Derivative involving an unknown constant

[Arnoldjavs3]

Homework Statement

Determine the value(s) of k such that y=-5k is the equation of the tangent line on the graph of F(x) = -x^2 + 4kx + 1

Homework Equations

n/a

The Attempt at a Solution

not sure where to start this problem; but i understand some fundamentals here. I believe that the tangent will intersect the curve at one point only so I believe that you can equate the two to attempt to solve for k?
Attempt 1:
1. My derivative of the function ended out to be f'(x) = -2(x -2k)
2. I tried implementing this into the original function but I ended up with 4k^2 +1 ( then k = 1/2? )
Attempt 2:
1. After equating the two equations i get -5k = -x^2 + 4kx + 1
2. 0 = -x² + 2.5x + 1 -> x = -0.5 and/or -2
3. I noticed k and x are the same from these two attempts?

What do i do from here? Is everything I've done absolutely garbage or am i on to the correct train of thought?

 

[Stephen Tashi]

2. I tried implementing this into the original function but I ended up with 4k^2 +1 ( then k = 1/2? )

Are you saying that you computed f( f'(x)) ? That wouldn't be relevant to this problem.

You know two things about the tangent line. 1) It goes through some point (x,f(x)) on the graph. 2) The slope of the tangent line is equal to f'(x) at that point. Each of these facts gives you an equation that must be satisfied.

What is the slope of the tangent line given by y = 5k ? (It's a horizontal line.)

 

[Arnoldjavs3]

Okay first i want to thank you for replying; So you're saying that the f'(x) will give me my slope, that I know; (y=5k means the slope is 0)
So in the end..
1. Since my derivative is 0 = -2(x-2k) -> 2k = x? Since hte derivative of f(x) will give me my slope(m) and in this game m is 0, k = x/2? (I actually did this at some point but I didn't know where to continue so I brushed it off)
My question now is that would i simply equate y=-5k in the original function?
Thus further giving me k to be -1/4 and -1.

 

[Arnoldjavs3]

Sorry i forgot to add. I actually did this at one point but my question was I tried confirming if this were the case, but I didn't know what points to input when I got the derivative of the function. To further visualize this:

1. After discovering that k = -1 and -0.25, I found the derivative of the function after inputting k (the function was now -x² -4x + 1, so my derivative ended up being -2(x+2) = m) What would I use as a value of X? I found earlier by subsituting values of X and K i got -2 and -1/2. So in this situation, would I use -2 as the value of X because it would return a value of m = 0?
Sorry if I am unable to verbalize this properly.

 

[Stephen Tashi]

The work would be better organized if you establish the equations that reflect facts 1) and 2). You wrote the equation for fact 2). Write the equation that says the tangent line must intersect the graph of the function.

 

[Arnoldjavs3]

Okay, thank you again. But i just want to confirm; Are these the correct values for K?

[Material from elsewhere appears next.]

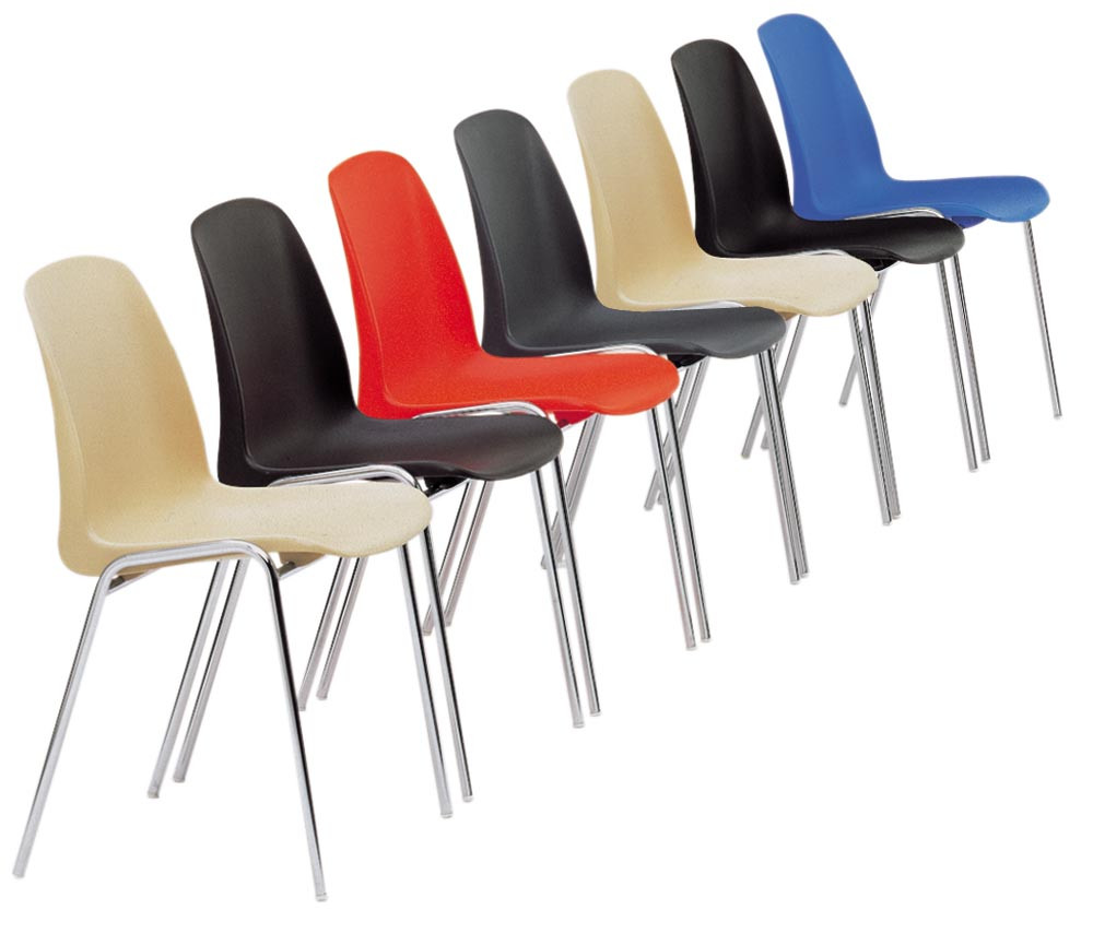 ∙ In vielen Farben, strapazierfähig und pflegeleicht ohne Sitz- und Rückenpolster ∙ Ohne Armlehnen ∙ Stapelbar ∙ Verchromtes Rundrohrgestell, Ø 18 mm, Materialstärke 1,5 mm ∙ Sitzschalen aus Kunststoff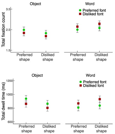 Nonetheless, both shape and font qualities had an impact on the evaluation process, as the response times for the preference decisions were influenced by both sets of qualities. More specifically, preferred vs. disliked shape and font qualities showed different effects, with longer response times found for preferred than disliked shapes and for disliked than preferred fonts. Although no differences in response times were observed for either shapes or fonts during the pilot study, it is important to emphasize that because opposite patterns of response times and total fixations were observed for preferred vs. disliked shape and font qualities, it is unlikely that the same factors affect the processing of objects and words equally. Presumably, preferred shapes are more pleasant to look at compared with disliked shapes [8,12,13,33], while it may take longer to identify the words shown in disliked than preferred fonts (e.g., [10]). Similar differential effects of preferred vs. disliked shape and font qualities were also revealed in two of the eye movement measures, specifically the total fixation count and total dwell time. Taken together, these results suggest that shape and font qualities do not produce identical effects on either preference ratings or processing time, and the amount of processing time for specific shape and font qualities is unlikely related to subjective preference for object-word pairs.

Edit: I do believe they are, but I just want to absolutely make sure that I did not make any mistakes

 

[Stephen Tashi]

Okay, thank you again. But i just want to confirm; Are these the correct values for K?

Check if you answers statisfy facts 1) and 2)

You used fact 2) correctly to get the equation x = 2k. What you did after that doesn't make sense to me. ( Just by looking at the facts, one solution to the problem is k = 0, x = 0 )

 

[vela]

You used fact 2) correctly to get the equation x = 2k. What you did after that doesn't make sense to me. ( Just by looking at the facts, one solution to the problem is k = 0, x = 0 )

k=0, x=0 isn't a solution. When k=0, you'd have F(x)=1 and y=0. Those two curves don't intersect.

 

[Stephen Tashi]

k=0, x=0 isn't a solution. When k=0, you'd have F(x)=1 and y=0. Those two curves don't inters ect.

You are correct. I forgot about the +1 in F().